Леса и Тихий океан правят между собой климатом этого прибрежного региона. На улицах Монтерея, когда воздух не пахнет солью от одного, он будет дуть ароматом от смолистых верхушек деревьев другого. Целыми днями горячий, сухой воздух будет нависать над городом, душный, как из печи, но здоровый и ароматный для ноздрей. Причину нетрудно найти, ибо леса горят, и горячий ветер дует с холмов. Эти пожары — одна из великих опасностей Калифорнии. Я видел из Монтерея до трех одновременно: днем — облако дыма, ночью — красный уголек пожара вдали. Малая вещь может их начать, и, если ветер благоприятствует, они скачут по милям страны быстрее лошади. Жители должны выходить и работать как демоны, ибо уничтожаются не только приятные рощи; климат и почва одинаково поставлены на карту, и эти пожары предотвращают дожди следующей зимы и высушивают вечные источники. Калифорния была землей обетованной в свое время, как Палестина; но если леса будут так быстро погибать, она может стать, как Палестина, землей запустения.

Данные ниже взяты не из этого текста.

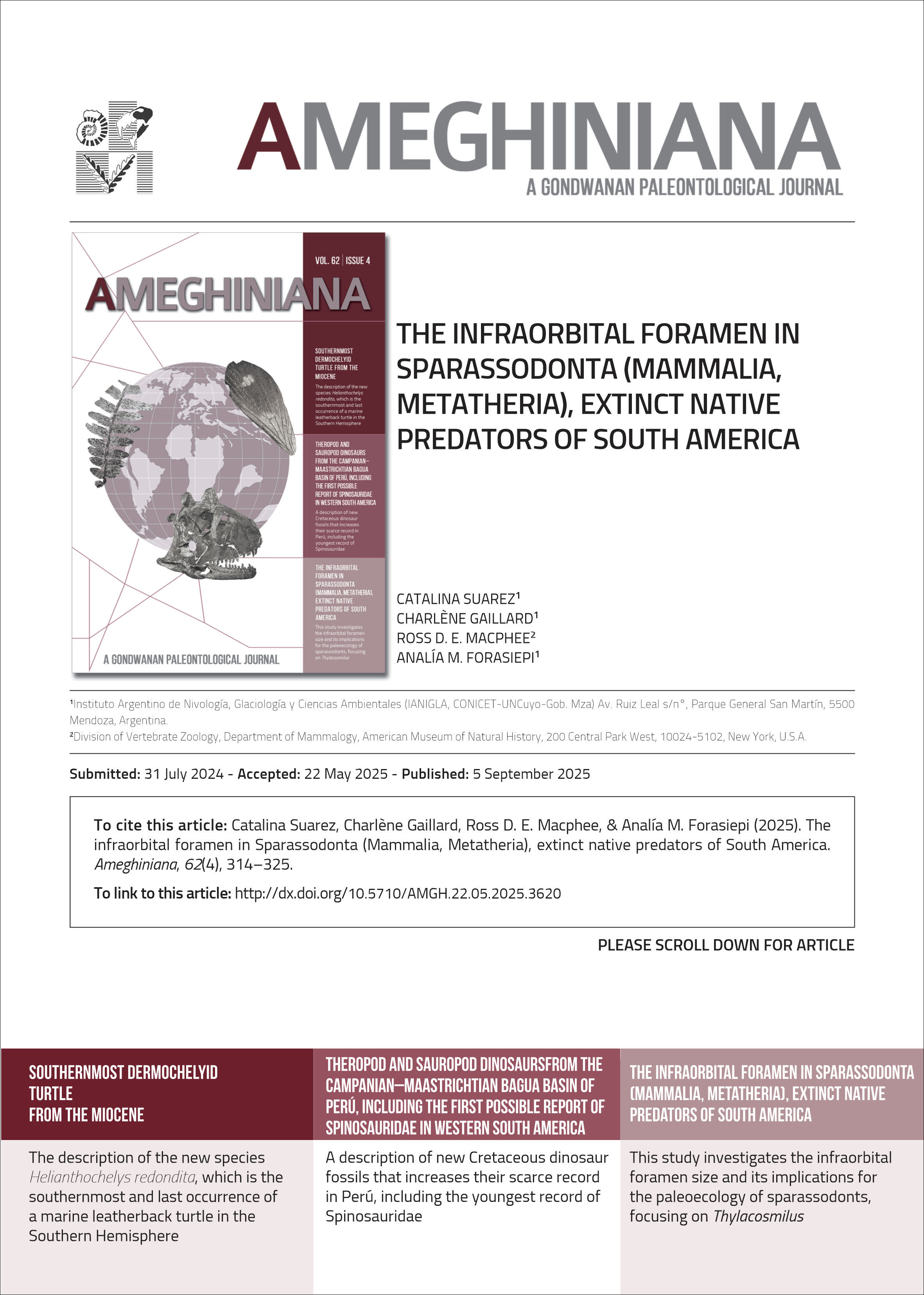 The THE INFRAORBITAL FORAMEN IN SPARASSODONTA (MAMMALIA, METATHERIA), EXTINCT NATIVE PREDATORS OF SOUTH AMERICA
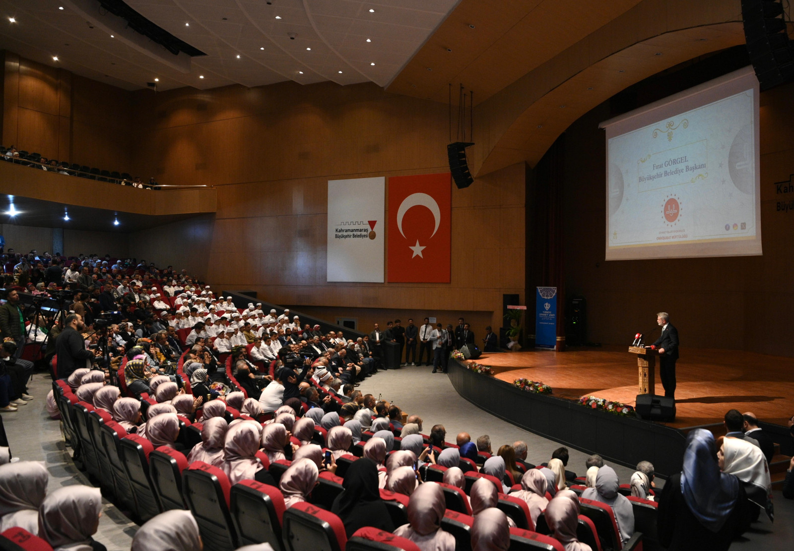 Kahramanmaraş Büyükşehir Belediye Başkanı Fırat Görgel, bir dizi ziyarette bulunmak ve programa katılmak üzere Kahramanmaraş’a gelen Diyanet İşleri Başkanı Prof. Dr. Ali Erbaş ile Kur’an’ı Anlama ve İslami İlimler Mezuniyet Töreni’ne katıldı. Mehmet Akif Ersoy Kültür Merkezi’nde gerçekleştirilen programda; Vali Mükerrem Ünlüer, Dünya Müslüman Âlimler Birliği Genel Başkanı Prof. Dr. Ali Muhyiddin el-Karadaği, İstiklal Üniversitesi Rektörü Prof. Dr. İsmail Bakan, Onikişubat Kaymakamı Salih Çiğdem, Diyanet İşleri Başkanlığı Yönetim Hizmetleri Genel Müdürü Bünyamin Kahraman, Onikişubat Belediye Başkanı Hanifi Toptaş, İl Müftüsü Abdurrahman Kotan, Katar Hayır Derneği Başkan Yardımcısı Ahmed Yusuf Fahri, Kur’an Kursu öğrencileri ve aileleri de yer aldı. Saygı duruşu ve İstiklal Marşı’nın okunmasıyla başlayan programda öğrenciler, seslendirdikleri şiir ve ilahilerle katılımcıların takdirini kazandı. Program, şehir protokolü tarafından hafızlara mezuniyet belgelerinin takdimiyle noktalandı.
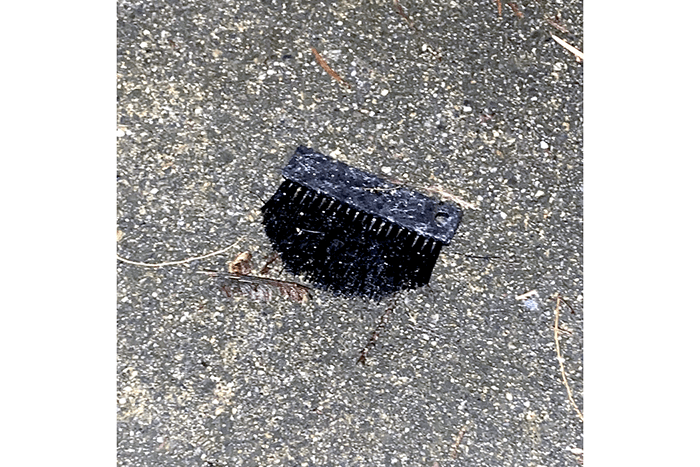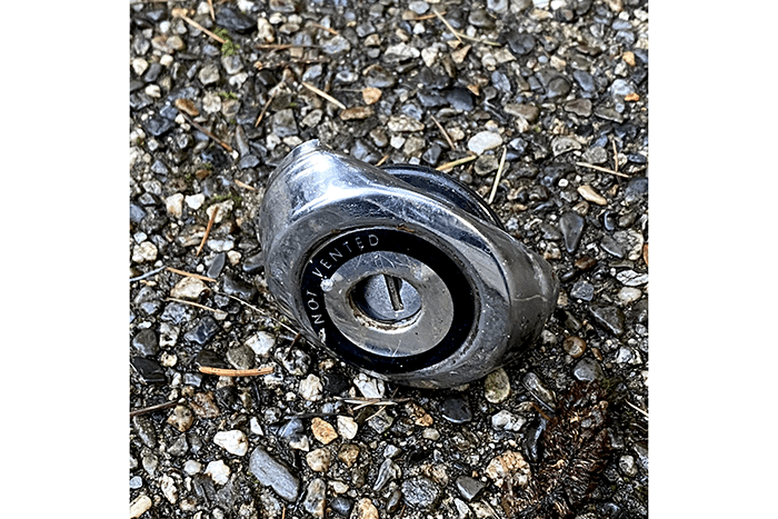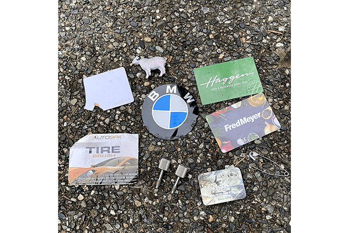 A BMW emblem. We’ve found several of these. BMWs are expensive vehicles. Wouldn’t you think they could afford better glue?

Посетить леса, пока они вяло горят, — это странный опыт. Огонь проходит через подлесок бегом. Кое-где дерево вспыхивает мгновенно от корня до вершины, разбрасывая пучки пламени, и гаснет, кажется, так же быстро. Но последнее — лишь видимость. Ибо после этого первого, похожего на петарду возгорания сухого мха и веток, внутри самого дерева остается глубоко укоренившийся и пожирающий огонь. Смола сосны в основном сконцентрирована у основания ствола и в раскидистых корнях. Таким образом, после легких, эффектных, застрельщичьих языков пламени, которые являются лишь спичкой к взрыву, уже умчавшихся по ветру вдаль, настоящий вред только начинается для этого гиганта лесов. Вы можете подойти к дереву с одной стороны и увидеть его, действительно опаленным сверху донизу, но, по-видимому, пережившим опасность. Обойдите его, и там, на другой стороне колонны, — чистая масса живого угля, распространяющаяся, как язва; в то время как под землей, до самого последнего волокна, корни съедаются огнем, и дым поднимается через трещины на поверхность. Немного времени, и без единого знака предупреждения огромная сосна ломается прямо у земли и падает плашмя с грохотом. Тем временем огонь продолжает свое безмолвное дело; корни превращаются в мелкий пепел; и долгое время спустя, если вы пройдете мимо, вы обнаружите землю, пронзенную радиальными галереями, сохраняющими дизайн всех этих подземных отростков, как будто это была форма для нового дерева, а не отпечаток старого. Эти сосны Монтерея — за единственным исключением кипариса Монтерея — самые фантастические из лесных деревьев. Никакие слова не могут дать представления о скрюченности их роста; они могли бы фигурировать без изменений в круге нижнего ада, как его изображал Данте; и с той скоростью, с которой растут деревья и с которой лесные пожары возникают и скачут по холмам Калифорнии, мы можем ожидать времени, когда в этой земле их рождения не останется ни одного стоящего дерева. По крайней мере, им не так много стоит опасаться топора, но они погибают от того, что можно назвать естественной, хотя и насильственной смертью; в то время как именно человек в своей близорукой жадности грабит страну от более благородного красного дерева. Еще немного, и, возможно, все холмы прибрежной Калифорнии станут такими же лысыми, как Тамалпаис.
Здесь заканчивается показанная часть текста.